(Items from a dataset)
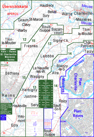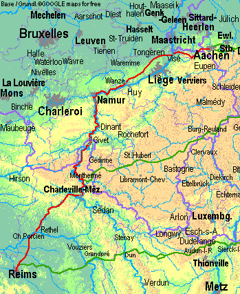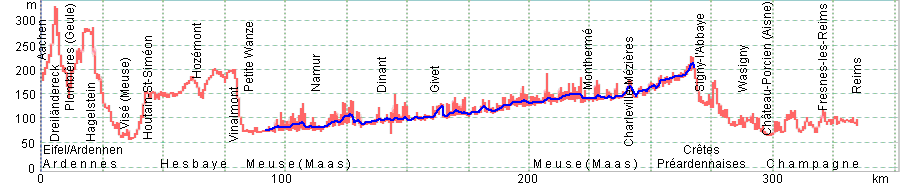 Cette page recommande un itinéraire directe pour aller à vélo entre Reims et Aix-la-Chapelle. Le sens de la présentation (d'Aix-la-Chapellee à Reims) n'implique pas de prioritée d'un sens de l'utilisation. Entre Reims et Charleville-Mézières, l'itinéraire utilise routes tranquiles de la Champagne et des Pré-Ardennes françaises, de l'Ardenne belge et de l'Eifel. Dans la vallée de la Meuse entre Charleville-Mèzières et Givet la piste cyclable tres comfortable au nom de Voie verte transArdenne est utilisé. De Wanze près de Huy jusq'à Visé le passage de l'agglomeration de Liège est évité par aller sur le plateau de l'Hesbaye. De la Meuse à l'Aix-la-Chapelle, le trançon fu choisi sur routes de circulation moderée et un profil des hauteurs pas trop fort. |
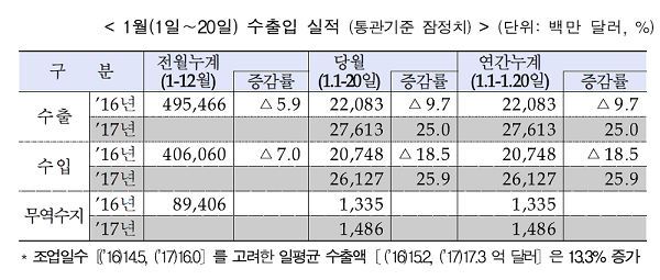 관세청은 이달 1~20일의 수출입 실적이 수출 276억 달러, 수입 261억달러, 무역수지 15억달러 흑자를 기록했다고 21일 밝혔다. 이는 전년 대비 수출 25.0%, 수입 25.8% 증가한 규모이다.
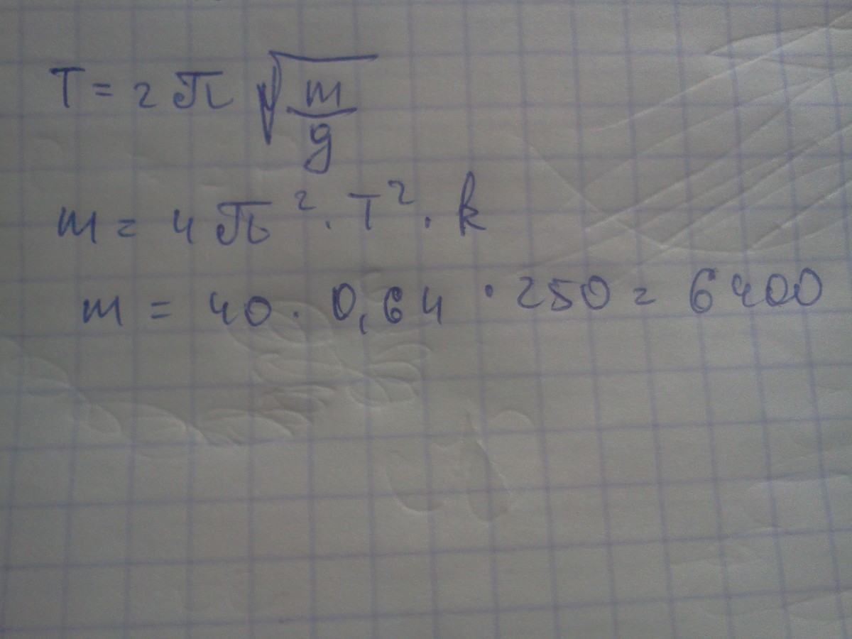 Решить задачу. Определите массу груза, который на пружине жесткостью 250Н/м совершает 40 колебаний за 32 секунды.
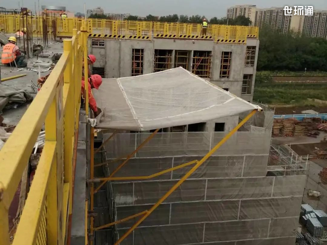 可折叠工具化抛网全钢制作,可挂设双层安全网,具备可折叠的收纳属性。利用工具化固定架,将定型化可折叠平挑网固定在预制墙板上,以形成施工层面上的安全封闭。所有操作均可在楼层内完成,大幅减少安全隐患。
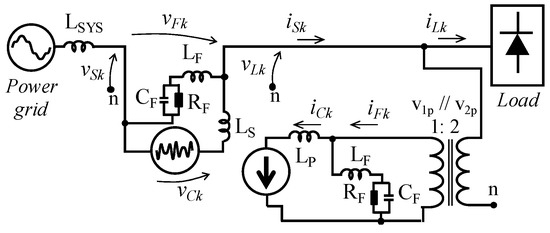 The DC-link of both conditioners is composed by three capacitors connected in parallel. All of these capacitors present a capacitance of 8200 µF and are able to support DC voltages up to 350 V. Second order RLC passive filters are applied to filter the high-frequency switching harmonics generated by the power converters. For both conditioners, these passive filters are represented as LF (0.2 mH), RF (200 Ω) and CF (4.7 µF). The inductors represented by LP and LS are equal to 0.6 mH and 0.2 mH, respectively. Besides the second order RLC passive filters, other possibility is based on LCL filters as demonstrated in [21,22]. However, this solution has as negative aspect related to the possible low-frequency resonances with the power grid impedance, which may result in system instability. Due to this condition, it is necessary to implement an algorithm capable of damping possible low-frequency resonances, improving the overall power grid stability, or use damping resistors. The transfer functions VFk(s)/VCk(s) and IFk(s)/ICk(s) were obtained considering the simplified circuit illustrated in Figure 3.
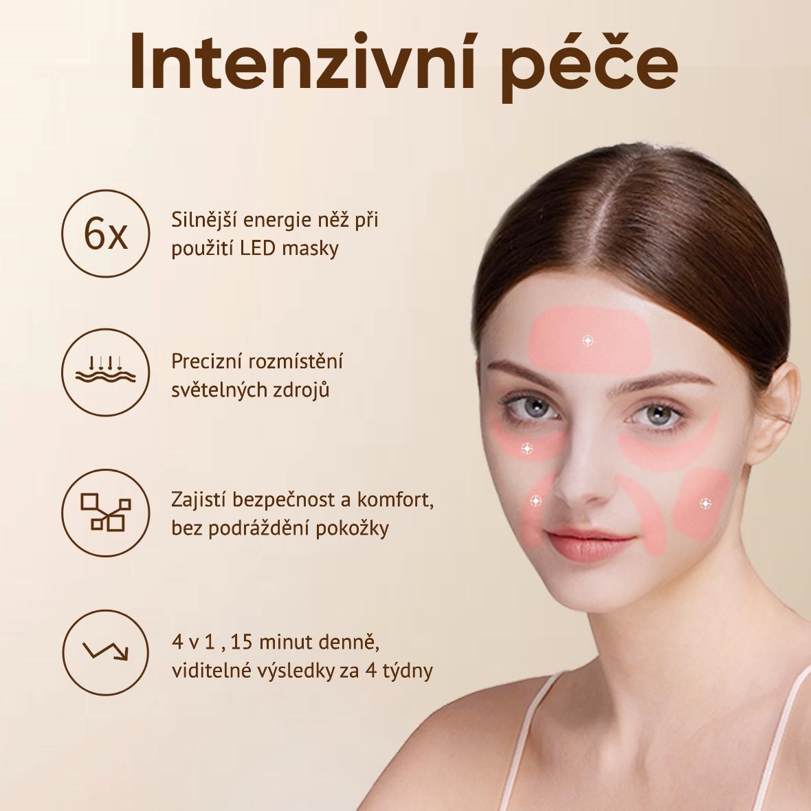 - Účinná domáca terapia – až 6-krát účinnejšia ako bežné LED masky. Patentovaná cielená fototermálna technológia koncentruje svetelnú energiu na presný bod a pôsobí priamo na hlboké vrstvy pokožky.
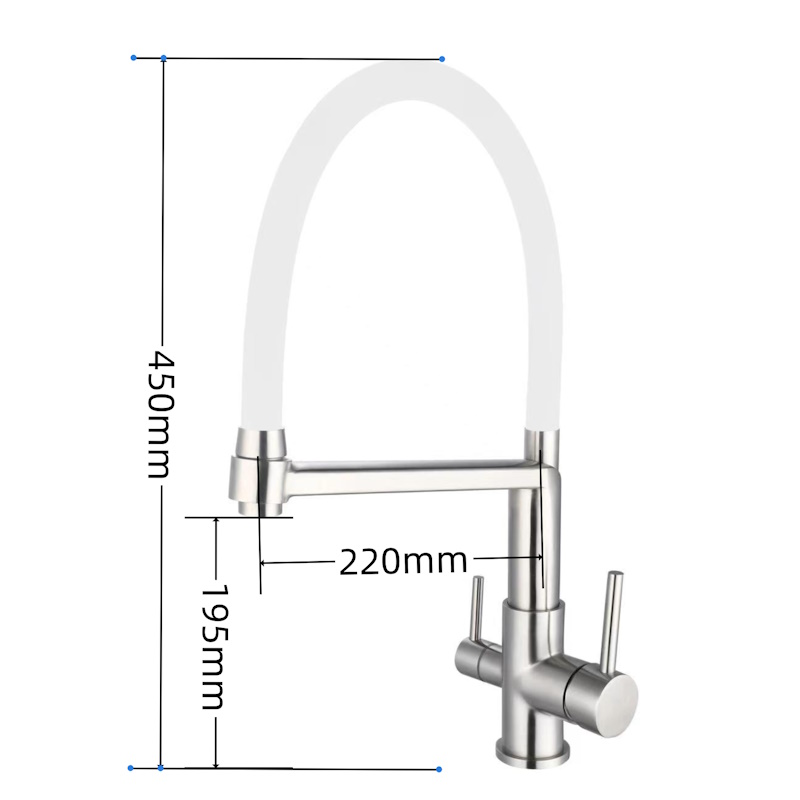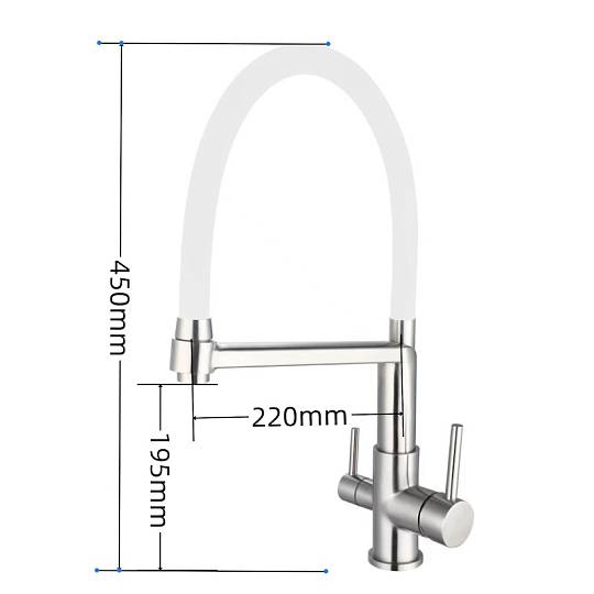 Смеситель для кухни Esko K26 W: Инновационный смеситель для кухни с гибким изливом из нержавеющей стали и функцией подключения к фильтру.
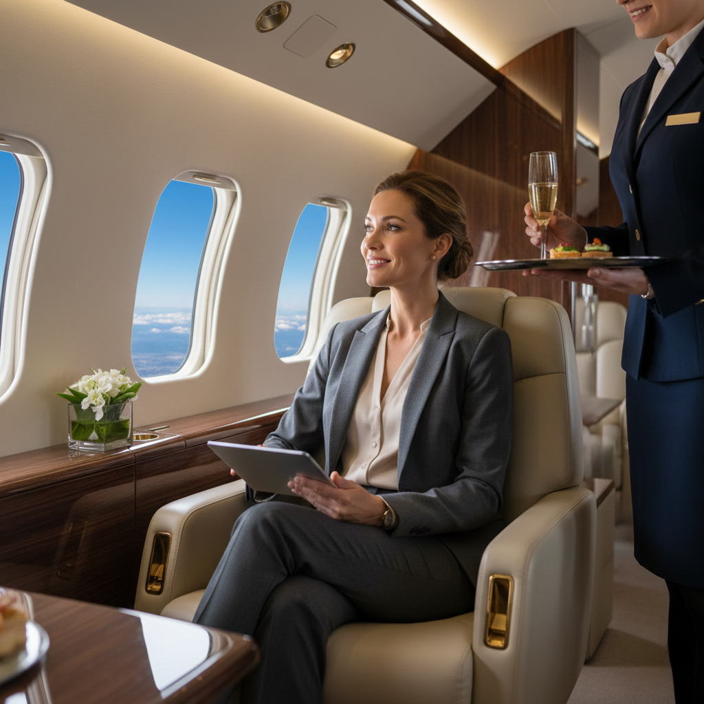 Personalized service from experienced flight crew for a luxury flying experience.
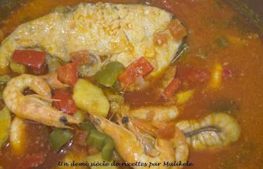 - 2 tranches de poisson blanc - 20 crevettes - ½ poivron vert coupé en cubes - ½ poivron rouge coupé en cubes - 1 patate douce pelée et coupée en gros dés - 1 oignon émincé - 1 tomate détaillée en cubes - 2 gousses d'ail écrasées - 2 dl de lait de coco - 3 cuillères à soupe d?hui [...]
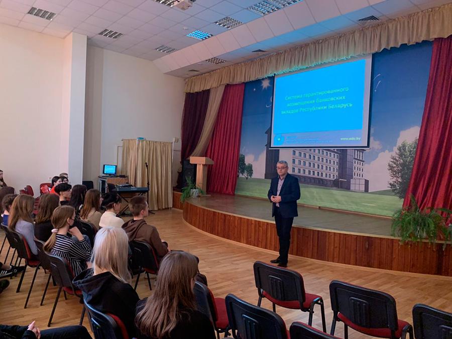 24 марта 2022 года в рамках Недели финансовой грамотности в Минском колледже предпринимательства состоялась встреча учащихся 2 и 3 курсов специальности «Банковское дело» с начальником отдела по работе с физическими лицами Агентства по гарантированному возмещению вкладов (депозитов) физических лиц Черкесом Сергеем Николаевичем.
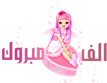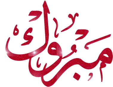 Animated sticker with the Arabic text 'الفمبروك مباركات' meaning 'Congratulations blessings', perfect for celebratory messages.
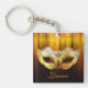 Fancy Classic Masquerade Part Favour Key chain. Features a gold and black elegant background with a very ornate and fancy masquerade mask on top with flourishes adorning it. A great party or wedding favour.
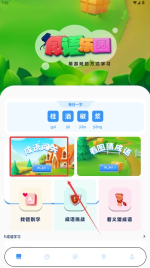 打开App,在首页找到“成语挑战”入口,点击进入关卡页面。
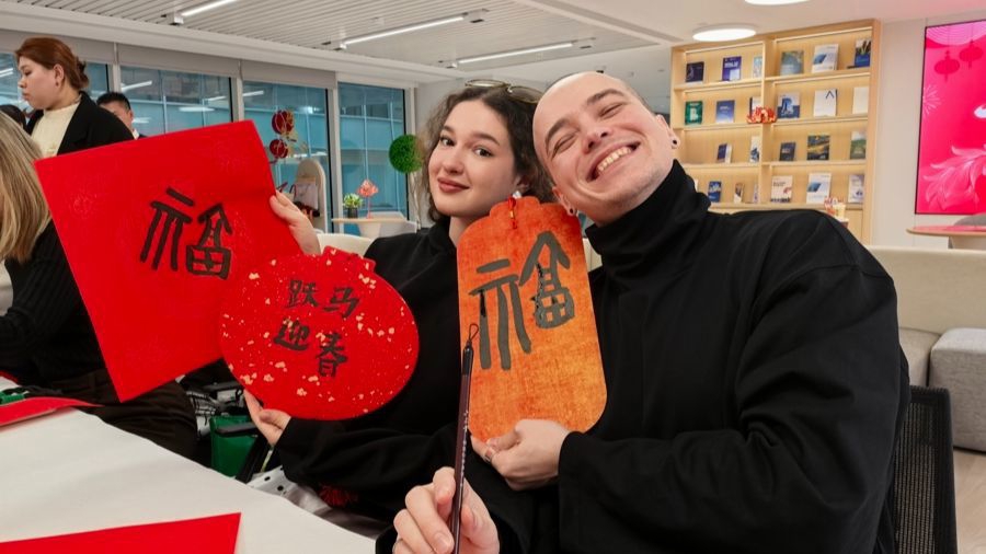 會客廳的軒敞空間里,墨香褭褭。外洋友東談主們在書道協會磨真金不怕火的用心帶領下,提筆揮毫寫下“?!迸c“馬”。來自東華大學的白俄羅斯留學生柏伊靈除了寫下一張“福”字,還和來自烏克蘭的馬克斯統共照著咖啡杯上的漢字寫下“躍馬迎春”幾個大字,然后興盛腸和我方的書道作品合影。柏伊靈的好幾個春節王人在上海渡過,知談中國的春節有合家團圓、給小孩發紅包的習俗,有些東談主還會去寺廟道喜。本年,她將繼續在上海過年,問及春節安排,她說:“我會和一又友統共約會吃飯,設想去寺廟道喜,還念念去豫園看燈?!?/p>
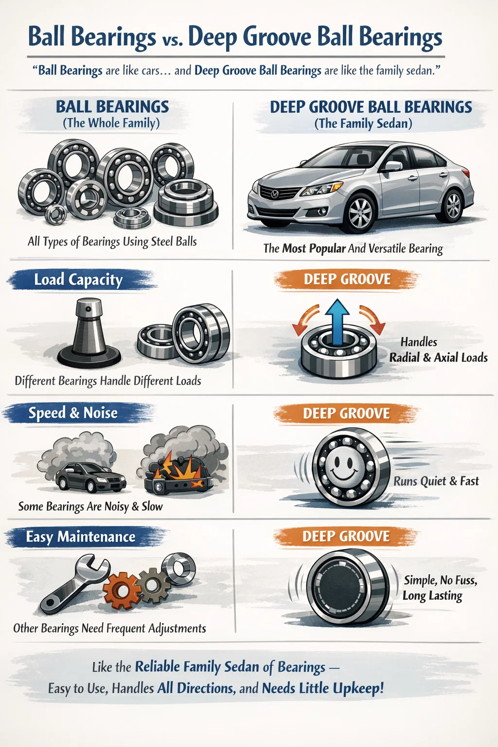 Egyszerűen fogalmazva, a golyóscsapágyak egy általános kifejezés egy nagy "családra", és a mélyhornyú golyóscsapágyak a család leghíresebb és legszélesebb körben használt "tagjai".
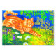 Impressão de fotografia com a pintura de animais de Louis Wain Cat Stalking (1860-1939). Um gato listrado de laranja anda num campo verde à noite. Flores brancas, roxas e vermelhas estão no primeiro plano. Um presente maravilhoso para amantes de gatos e arte inglesa.
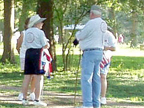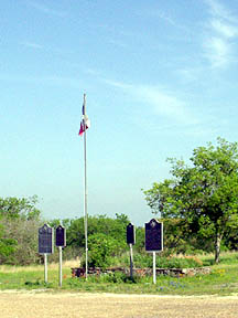 | Flagpole with historical markers in what was the town square. One marker tells how the Sante Fe Railroad was refused right-of-way to go through town and how the town eventually died. |
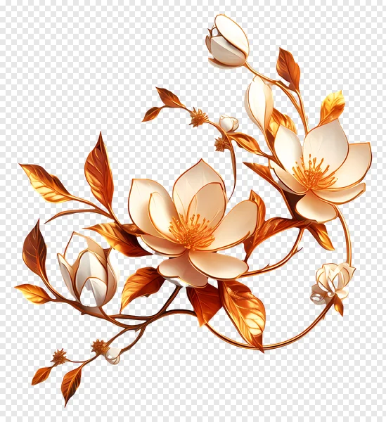 Tags: botanical illustration bronze foliage decorative element delicate flowers digital art flowers elegant design floral branch PNG flower illustration free flower PNG golden flowers golden leaves luxury flowers magnolia blossom metallic gold ornate leaves premium floral graphic transparent background transparent floral wedding floral white magnolia
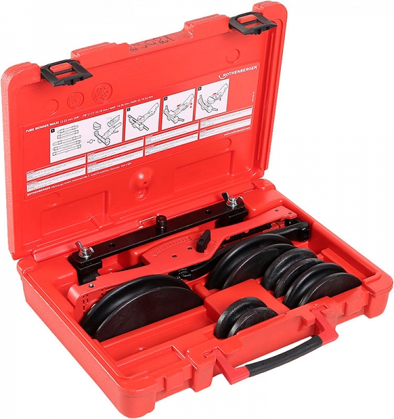 Ручной арбалетный трубогиб Rothenberger Tube Bender Maxi Set 12-15-18-22 мм (Ротенбергер Тюб Бендер Макси Сет 12-15-18-22 мм) предназначен для быстрой и точной гибки до 90° мягких медных и алюминиевых труб, медных труб в оболочке и труб из прецизионной стали, тонкостенных стальных труб, труб из тонкостенной нержавеющей стали Ø 12, 15, 18, 22 мм, толщиной стенки до 1 мм при монтаже систем отопления, водоснабжения, кондиционирования, гидравлических систем, систем подогрева пола и в холодильной технике.
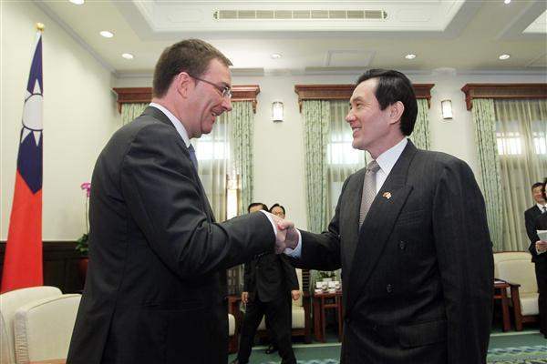 Accompanying Director Wood were Deputy Director of the British Trade and Cultural Office in Taiwan Margaret Tongue and Head of the office's Political Sector Fleur Willson. The delegation was escorted to the Presidential Office by Ministry of Foreign Affairs (MOFA) Secretary General Gary Song-Huann Lin (林松煥) and MOFA Department of European Affairs Director-General Mien-sheng Hsu (徐勉生) to meet President Ma. Also attending the meeting were Secretary-General to the President Timothy Chin-Tien Yang (楊進添) and National Security Council Advisor Francis Yi-Hua Kan (甘逸驊).

[Requirement]: Write out exactly the run of lines above that starts at the line containing "Impressão de fotografia" and ends at the line containing "Tags: botanical illustration". Include both, and leave the pictures out.

[Your solution]:
 Impressão de fotografia com a pintura de animais de Louis Wain Cat Stalking (1860-1939). Um gato listrado de laranja anda num campo verde à noite. Flores brancas, roxas e vermelhas estão no primeiro plano. Um presente maravilhoso para amantes de gatos e arte inglesa.
 | Flagpole with historical markers in what was the town square. One marker tells how the Sante Fe Railroad was refused right-of-way to go through town and how the town eventually died. |
 Tags: botanical illustration bronze foliage decorative element delicate flowers digital art flowers elegant design floral branch PNG flower illustration free flower PNG golden flowers golden leaves luxury flowers magnolia blossom metallic gold ornate leaves premium floral graphic transparent background transparent floral wedding floral white magnolia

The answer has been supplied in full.